All weight types supported by regression_cmd are allowed; see help
weights. Also, factor variables are permitted in xvarlist.

Note that xfracplot and xfracpred may be used after boxtid to plot and
predict fitted values, respectively.  The syntax for xfracplot and
xfracpred is the same as for fracplot and fracpred; see help on fracpoly.

Description

boxtid is a generalization of fracpoly in which continuous rather than
fractional powers of the continuous covariates are estimated. boxtid fits
Box & Tidwell's (1962) power transformation model to yvar with predictors
in xvarlist. The model function for each xvar in xvarlist is

b1 * xvar^p1 + b2 * xvar^p2 ...

boxtid also fits exponential models for predictors specified in expon().
The model function for each such xvar in xvarlist is

b1 * exp(p1 * xvar) + b2 * exp(p2 * xvar) ...

The quantities p1, p2, ... are real numbers. After execution, boxtid
leaves variables in the data named Ixv__1, Ixv__2, ..., where xv
represents the first four letters of the name of xvar, the first member
of xvarlist. The new variables contain the best-fitting powers of xvar
(as centered and scaled by boxtid). Also left are variables named Ixv_p1,
Ixv_p2, ... which are auxiliary variables (see Remarks). Subsequent
members of xvarlist, if any, also leave behind such variables.

Options

center(cen_list) defines the centering for the covariates xvar1, xvar2,
....  The default is center(mean), except for binary covariates where
it is center(#), # being the lower of the two distinct values of the
covariate. cen_list is a comma-separated list with elements
varlist:{mean|#|no}, except that the first element may optionally be
of the form {mean|#|no} to specify the default for all variables. For
example, center(no, age:mean) sets the default centering to no and
that for age to mean.

df(df_list) sets up the degrees of freedom (df) for each predictor. The
df (not counting the regression constant, _cons) are twice the degree
of the Box-Tidwell function, defining a model with m terms to have
degree m.  For example an xvar fitted as a second-degree Box-Tidwell
function has 4 df.  The first item in df_list may be either # or
varlist:#.  Subsequent items must be varlist:#.  Items are separated
by commas and varlist is specified in the usual way for variables.
With the first type of item, the df for all predictors are taken to
be #.  With the second type of item, all members of varlist (which
must be a subset of xvarlist) have # df.

The default degrees of freedom for a predictor of type varlist
specified in xvarlist but not in df_list are assigned according to
the number of distinct (unique) values of the predictor, as follows:

-------------------------------------------
# of distinct values    default df
-------------------------------------------
1             (invalid predictor)
2-3            1
4-5            min(2, dfdefault())
>=6            dfdefault()
-------------------------------------------

Example:  df(4)
All variables have 4 df.

Example:  df(2, weight displ:4)
weight and displ have 4 df, all other variables have 2 df.

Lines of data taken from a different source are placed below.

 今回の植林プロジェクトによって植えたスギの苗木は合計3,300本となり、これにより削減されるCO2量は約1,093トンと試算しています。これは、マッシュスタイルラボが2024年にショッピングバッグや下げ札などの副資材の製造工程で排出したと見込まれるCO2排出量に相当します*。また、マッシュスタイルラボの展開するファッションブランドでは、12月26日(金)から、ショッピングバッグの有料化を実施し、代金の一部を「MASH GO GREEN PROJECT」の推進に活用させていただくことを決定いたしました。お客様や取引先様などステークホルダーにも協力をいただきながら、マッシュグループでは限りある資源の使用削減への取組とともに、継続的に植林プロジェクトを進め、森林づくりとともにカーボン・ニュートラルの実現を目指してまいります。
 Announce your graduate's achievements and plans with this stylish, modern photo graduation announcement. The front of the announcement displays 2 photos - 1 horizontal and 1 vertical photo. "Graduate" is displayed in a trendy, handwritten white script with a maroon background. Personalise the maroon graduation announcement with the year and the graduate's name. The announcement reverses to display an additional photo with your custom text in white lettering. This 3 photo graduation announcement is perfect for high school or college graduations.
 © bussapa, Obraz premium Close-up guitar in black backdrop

Example:  df(weight displ:4, mpg:2)
weight and displ have 4 df, mpg has 2 df, all other variables have
the default of 1 df.

dfdefault(#) determines the default maximum degrees of freedom (df) for a
predictor. Default # is 2 (one power term, one beta).

iter(#) sets # to be the maximum number of iterations allowed for the
fitting algorithm to converge. Default: 100.

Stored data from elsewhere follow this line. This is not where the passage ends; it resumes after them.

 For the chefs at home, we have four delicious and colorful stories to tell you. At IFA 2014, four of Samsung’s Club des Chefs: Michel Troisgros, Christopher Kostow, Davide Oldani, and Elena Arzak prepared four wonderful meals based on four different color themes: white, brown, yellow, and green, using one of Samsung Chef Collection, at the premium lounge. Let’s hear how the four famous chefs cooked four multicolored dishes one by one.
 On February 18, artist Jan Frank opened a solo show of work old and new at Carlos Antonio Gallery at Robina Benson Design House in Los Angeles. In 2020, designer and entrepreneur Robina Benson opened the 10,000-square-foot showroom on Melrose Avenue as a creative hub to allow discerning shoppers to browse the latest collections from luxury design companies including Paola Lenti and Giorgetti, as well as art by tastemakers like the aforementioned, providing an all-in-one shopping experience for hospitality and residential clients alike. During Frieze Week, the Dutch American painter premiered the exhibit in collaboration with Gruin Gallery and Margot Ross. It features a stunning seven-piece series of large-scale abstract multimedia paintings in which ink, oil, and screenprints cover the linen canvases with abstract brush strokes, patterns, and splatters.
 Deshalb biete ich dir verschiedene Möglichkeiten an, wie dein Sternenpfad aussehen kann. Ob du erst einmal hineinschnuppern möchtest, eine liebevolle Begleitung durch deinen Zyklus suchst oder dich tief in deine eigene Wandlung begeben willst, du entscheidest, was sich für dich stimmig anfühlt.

expon(varlist) specifies that all members of varlist are to be modelled
using an exponential function, the default being a power
(Box-Tidwell) model. For each xvar (a member of varlist), a
multi-exponential model is fitted, namely

b1 * exp(p1 * xvar) + b2 * exp(p2 * xvar) +...

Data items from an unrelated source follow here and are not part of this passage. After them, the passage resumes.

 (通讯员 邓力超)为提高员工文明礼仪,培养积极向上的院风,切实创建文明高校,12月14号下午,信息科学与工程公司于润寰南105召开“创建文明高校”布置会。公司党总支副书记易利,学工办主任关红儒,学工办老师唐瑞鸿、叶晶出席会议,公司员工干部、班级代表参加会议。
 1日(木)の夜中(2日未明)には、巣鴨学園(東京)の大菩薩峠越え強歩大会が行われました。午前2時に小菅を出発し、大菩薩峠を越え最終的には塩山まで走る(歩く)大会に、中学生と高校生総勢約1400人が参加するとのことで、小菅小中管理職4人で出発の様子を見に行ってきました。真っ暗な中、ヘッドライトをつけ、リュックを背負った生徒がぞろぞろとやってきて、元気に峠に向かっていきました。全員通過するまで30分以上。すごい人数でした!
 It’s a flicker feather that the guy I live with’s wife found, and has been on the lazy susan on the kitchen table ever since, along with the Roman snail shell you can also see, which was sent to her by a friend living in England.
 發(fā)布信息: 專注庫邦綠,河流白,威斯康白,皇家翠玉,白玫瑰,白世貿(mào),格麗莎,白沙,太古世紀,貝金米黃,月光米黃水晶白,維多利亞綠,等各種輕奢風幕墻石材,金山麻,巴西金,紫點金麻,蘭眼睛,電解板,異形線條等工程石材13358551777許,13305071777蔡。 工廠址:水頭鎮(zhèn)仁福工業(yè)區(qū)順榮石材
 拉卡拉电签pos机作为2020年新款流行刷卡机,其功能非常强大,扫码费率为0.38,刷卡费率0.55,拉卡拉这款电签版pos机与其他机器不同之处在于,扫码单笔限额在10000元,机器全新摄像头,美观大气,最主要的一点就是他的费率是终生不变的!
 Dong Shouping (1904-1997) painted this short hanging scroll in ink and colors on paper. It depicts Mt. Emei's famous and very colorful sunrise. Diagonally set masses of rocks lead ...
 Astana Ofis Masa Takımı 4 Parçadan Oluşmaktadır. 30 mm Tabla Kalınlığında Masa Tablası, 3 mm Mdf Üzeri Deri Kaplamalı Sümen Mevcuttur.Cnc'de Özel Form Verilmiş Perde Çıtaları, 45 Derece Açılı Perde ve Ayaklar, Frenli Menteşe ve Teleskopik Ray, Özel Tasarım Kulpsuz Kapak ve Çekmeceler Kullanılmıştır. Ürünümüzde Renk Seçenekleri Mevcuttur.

init(init_list) sets initial values for the parameters p1, p2, ... of the
model. By default these are calculated automatically.  The first item
in init_list may be either # [# ...] or varlist:# [# ...]. Subsequent
items must be varlist:# [# ...]. Items are separated by commas and
varlist is specified in the usual way for variables. If the first
item is #[# ...], this becomes the default initial value for all
variables, but subsequent items (re)set the initial value for
variables in subsequent varlists. If the df for a variable in the
model is d (greater than 1) then # # ... consists of d/2 items.
Typically d = 2 so that there is just one initial value, #.

ltolerance(#) is the maximum difference in deviance between iterations
required for convergence of the fitting algorithm.  Default #: 0.001.

powers(powerlist) defines the powers to be used with fractional
polynomial initialization for xvarlist (see Remarks).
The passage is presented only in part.